Mohamed Naceur Ammar : En effet, de nombreuses études ont été menées à propos du futur du travail et de l’emploi. Qu’elles soient rétrospectives ou prospectives, ces études ont montré que l’impact des transformations en cours sur le monde du travail est sans précédent. Lors des trois révolutions industrielles précédentes, depuis la fin du 18e siècle et l’invention de la machine à vapeur jusqu’à la fin du 20e siècle, la création de nouveaux emplois l’a toujours emporté sur la destruction. A l’époque on parlait de destruction créatrice pour reprendre un concept de J. Schumpeter dans le sens où le progrès technique et l’innovation étaient sources de création de nouveaux métiers qui compensaient voire dépassaient largement en nombre les emplois détruits. L’automatisation des processus de fabrication a certes éliminé certains postes de travail manuel, mais elle a engendré en même temps une croissance ayant permis la création de nombreux nouveaux postes dans un contexte de coexistence et de complémentarité entre l’Homme ou la Femme et la machine.

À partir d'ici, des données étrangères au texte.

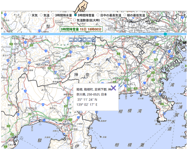 例えば、「3時間降雪量」のボタンをクリックすると、夏に雪は降らないので、今、どこの地図を見ているのかが分かりやすくなります。
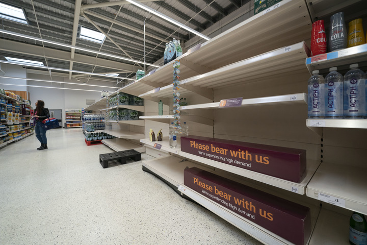这是9月22日在英国曼彻斯特拍摄的一家超市的货架。新华社发(乔恩·休珀摄)
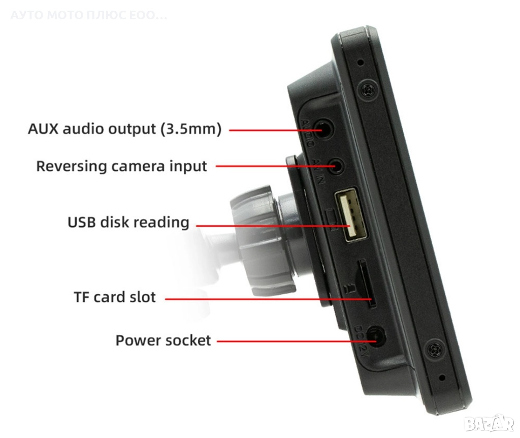 AUX портът осигурява допълнителни възможности за свързване към автомобилната аудиосистема.
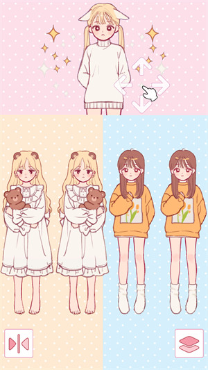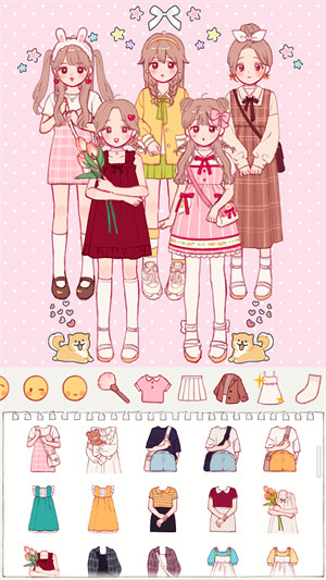 1、在这里你可以自由搭配各种服装配饰,风格多变,各种贴纸也可以自由拖动。
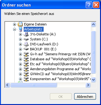 Wenn der Schalter DTA-Verfahren (siehe oben) auf die Einstellung per Datenträger eingestellt wurde, werden nur Laufwerke mit Wechelsmedien angezeigt, bei der Einstellung auf separate Software können Sie einen beliebigen Speicherort für die Ausgabedatei angeben (siehe nächstes Bild).
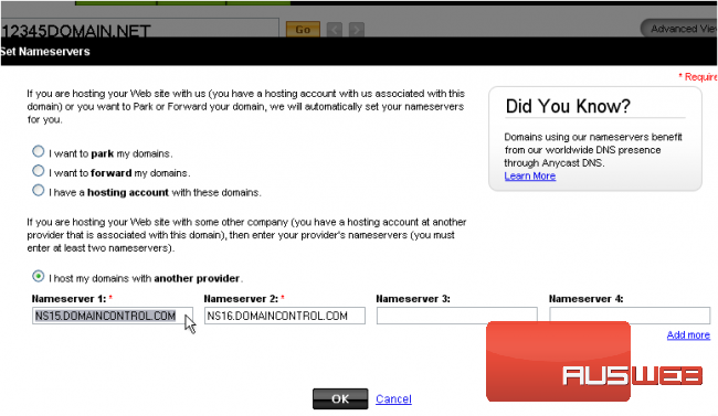 6) Now enter the correct DNS settings in the boxes provided here, so that your domain name will point to your new web hosting account
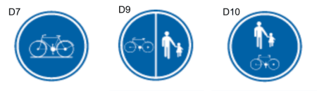 Opgelet: Het verkeersbord D10 duidt een deel van de openbare weg aan dat voorbehouden is voor het verkeer van voetgangers en fietsers. Zij moeten dit deel van de weg volgen. Volgens het verkeersreglement mogen fietsers de voetgangers die er zich bevinden niet in gevaar brengen. Bestuurders van speed pedelecs mogen daar dus niet rijden.
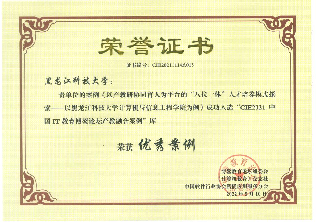 近日,在刚刚结束的全国“CIE2021中国IT教育博鳌论坛产教融合案例”评选中,【官网】计算机与信息工程学院申报的《以产教研协同育人为平台的“八位一体”人才培养模式探索》获得全国优秀案例,并与复旦大学、西安电子科技大学等19所高校和企业共同入选全国案例库,成为黑龙江省唯一一所入选全国案例库的高校。同时,【官网】教师武狄和李强共同撰写的论文《后疫情时代,高校开展稳就业保质量工作的实践与探索》获得优秀论文三等奖。
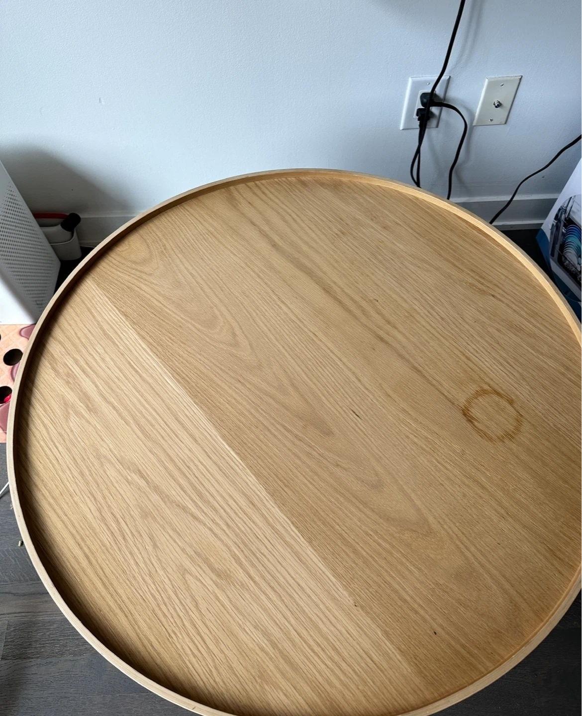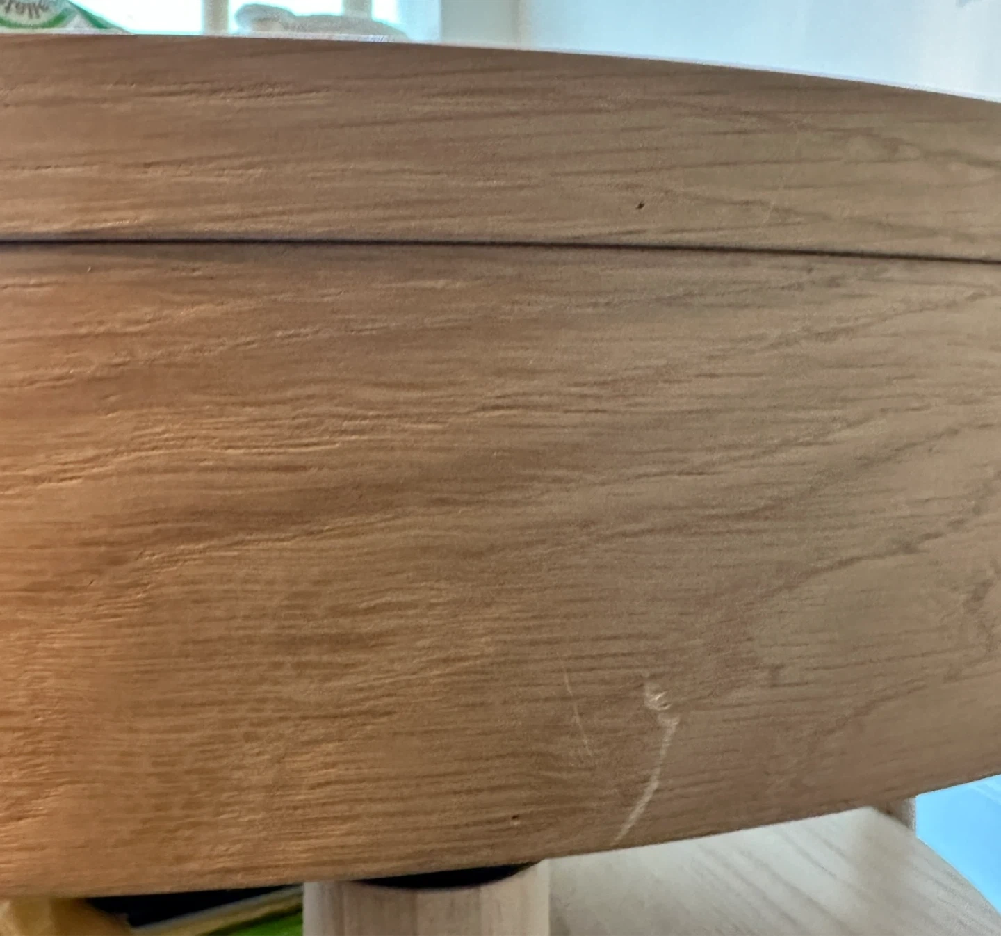 Small scuffs on the side and a stain on top but can be easily removed by using a wood stain.
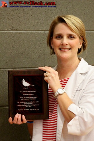 | Dr. Hilary Nicholson received special appreciation for a $5000 mtach to Collinsville Upper Elementary fundraisers for additional playground equipment. | ||||
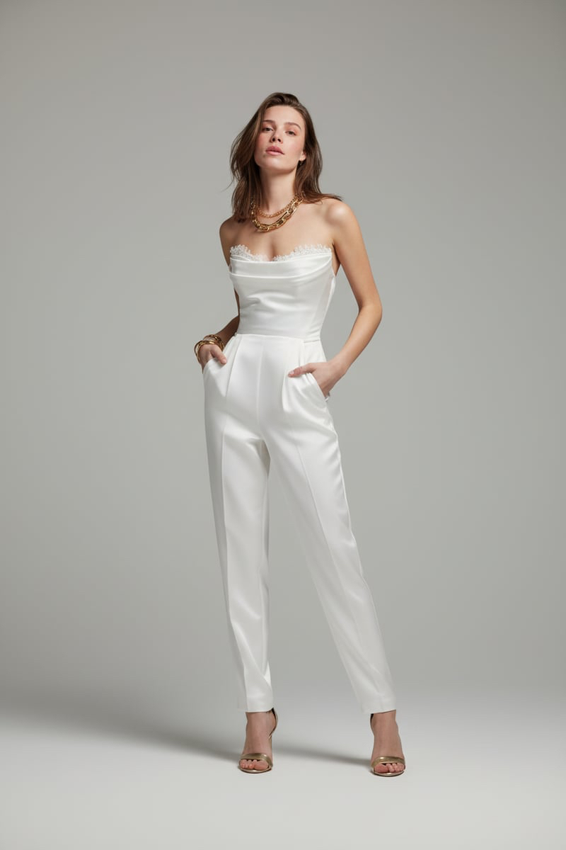 This strapless bridal jumpsuit features a softly draped bodice with delicate lace trim and tailored high-waisted trousers. Crafted for modern elegance, the fluid silhouette balances femininity and confidence, offering a refined alternative for contemporary ceremonies or after-party moments.
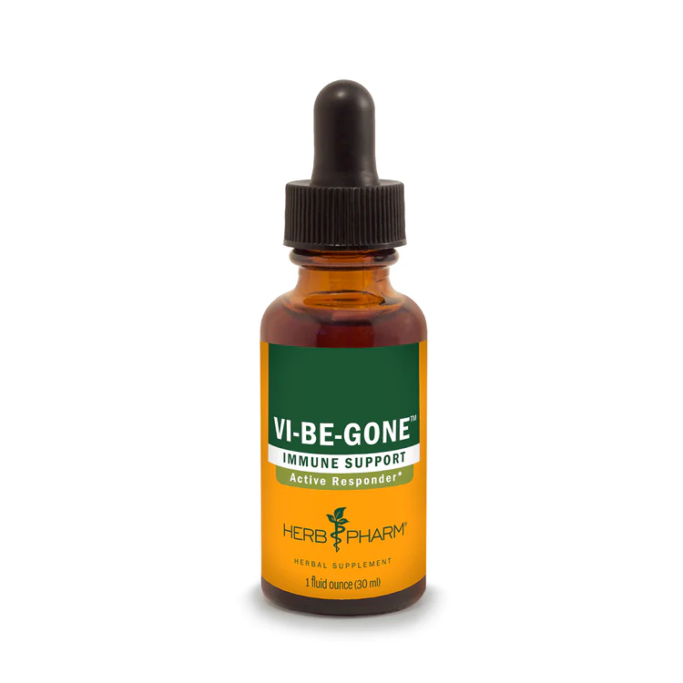 Our Vi-Be-Gone compound features Lomatium extract prepared from the fresh root of Lomatium dissectum plants, responsibly wildcrafted for us in their rocky, Oregon habitat. It also features St. John's Wort responsibly wildcrafted in Oregon's Siskiyou and Cascade mountains and extracted fresh each summer near the solstice.
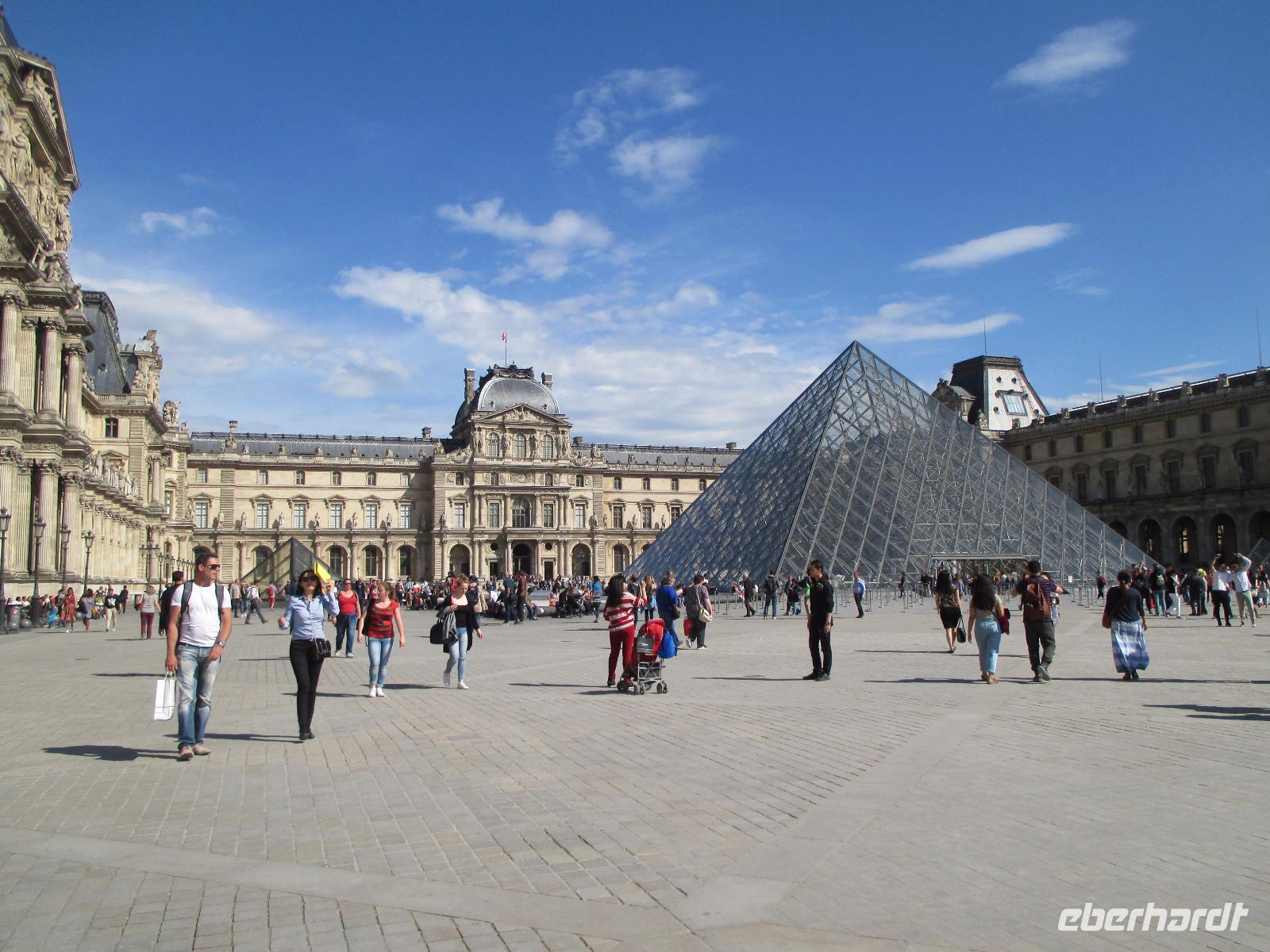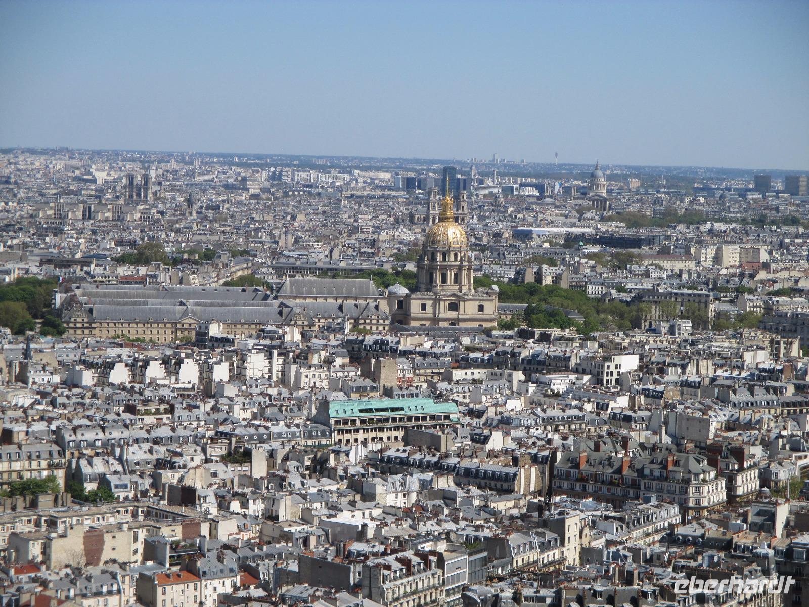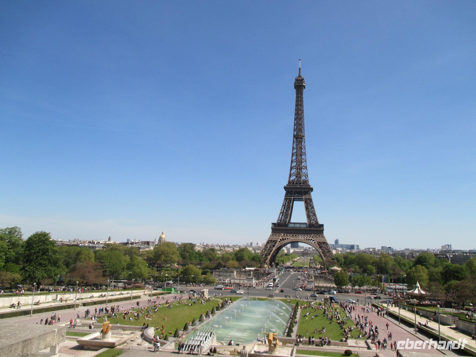 Paul bringt uns auf einen der schönsten und ältesten Plätze von Paris, den Place des Vosges. Marais war einst eine bevorzugte Wohngegend des Adels, so bewundern wir herrliche Paläste. Wir spazieren durch die Rue des Rosiers, das Zentrum des jüdischen Lebens in Paris. Am Centre Georges- Pompidou endet unser Rundgang und es bleibt Zeit für eine kleine Mittagspause. Frank bringt uns mit dem Bus zum Eiffelturm, das bekannteste Bauwerk von Paris. Wir sind glücklich, denn wir haben schon Karten für die Auffahrt. Es ist gar nicht so viel los und so sind wir schnell auf der obersten Plattform. Wir haben viel Zeit, die heute ausgezeichnete Fernsicht zu genießen. Wer möchte fährt mit dem Bus ins Hotel zurück, denn einige Gäste haben einen Besuch im Paradis Latin gebucht, dem ältesten traditionellen französischen Cabaret der Welt. Der Saal entstand nach Plänen von Gustave Eiffel. Wir erleben eine glitzernde Revue mit Tänzerinnen und Tänzern in raffinierten Kostümen. Sie zeigen natürlich auch den berühmten Pariser Cancan. Alle sind begeistert, auch vom leckerem Abendessen und Champagner und Wein! Taxen bringen uns zurück zum Hotel.

Ce qui est nouveau avec les transformations en cours depuis le début du 21e siècle est, d’une part, la fin du clivage manuel/intellectuel ou physique/cognitif dans les métiers présentant un grand risque de disparition, et le caractère ubiquitaire et multisectoriel des activités économiques impactées d’autre part. L’avènement de la 4ème révolution industrielle et la prééminence du numérique, de la data et de l’intelligence artificielle ont induit un remplacement progressif des travailleurs qualifiés ou non qualifiés par des robots dans les usines et des algorithmes dans les bureaux. Aussi bien les cols blancs que les cols bleus sont touchés par ce phénomène, ce qui a amené certains économistes et chercheurs à évoquer le risque d’un chômage technique de masse et à introduire le concept d’Homme inutile.
Bien entendu les idées sont très controversées à ce sujet, entre un courant d’optimistes attachés mordicus à l’idée que si la croissance n’a pas de fin le travail non plus, et un courant de pessimistes qui vont jusqu’à préconiser la taxation des robots pour financer un revenu universel de subsistance pour les perdants de la révolution en cours. Cela étant, des recherches sérieuses récentes ont montré que 50% des métiers actuels dans l’industrie et dans les services présentent un risque élevé de disparition à l’horizon 2030-2040.
Ce qui fait dire que nous ne connaissons pas 80% des emplois de 2030. De fait 80% des emplois les plus prisés actuellement sur le réseau LinkedIn tels que data scientist, data architect, data analyst, data engineer, spécialiste Cloud, expert en IA, expert en cyber-sécurité, etc. n’existaient pas en 2010. C’est pour cette raison que je préfère le concept du futur des métiers à celui des métiers du futur d’autant plus que le monde dans lequel nous vivons est qualifié en anglais de VUCA (volatil, incertain, complexe et ambigu).
Il est dès lors légitime de se poser la question sur le facteur discriminant qui fait qu’un métier soit vulnérable et présente un risque élevé de disparition. Tout le monde s’accorde à dire que cette vulnérabilité n’est plus tant liée au caractère qualifié ou non qualifié de l’emploi, mais de plus en plus à son caractère routinier ou répétitif.
Désormais une qualification scientifique et technique poussée n’est plus suffisante pour garantir la pérennité de l’emploi. Il faudrait en plus de l’empathie, de la créativité, de l’intelligence sociale et émotionnelle. La bonne grille de lecture pour le futur des emplois consiste ainsi à croiser les compétences scientifiques et techniques avec les compétences empathiques. Les emplois les plus prisés seront ceux qui conjuguent ces deux catégories de compétences, viennent en second lieu des emplois pérennes, empathiques mais pas nécessairement qualifiés, les emplois qualifiés mais sans empathie seront en déclin, et ceux qui n’ont ni qualification ni empathie seront voués à l’extinction.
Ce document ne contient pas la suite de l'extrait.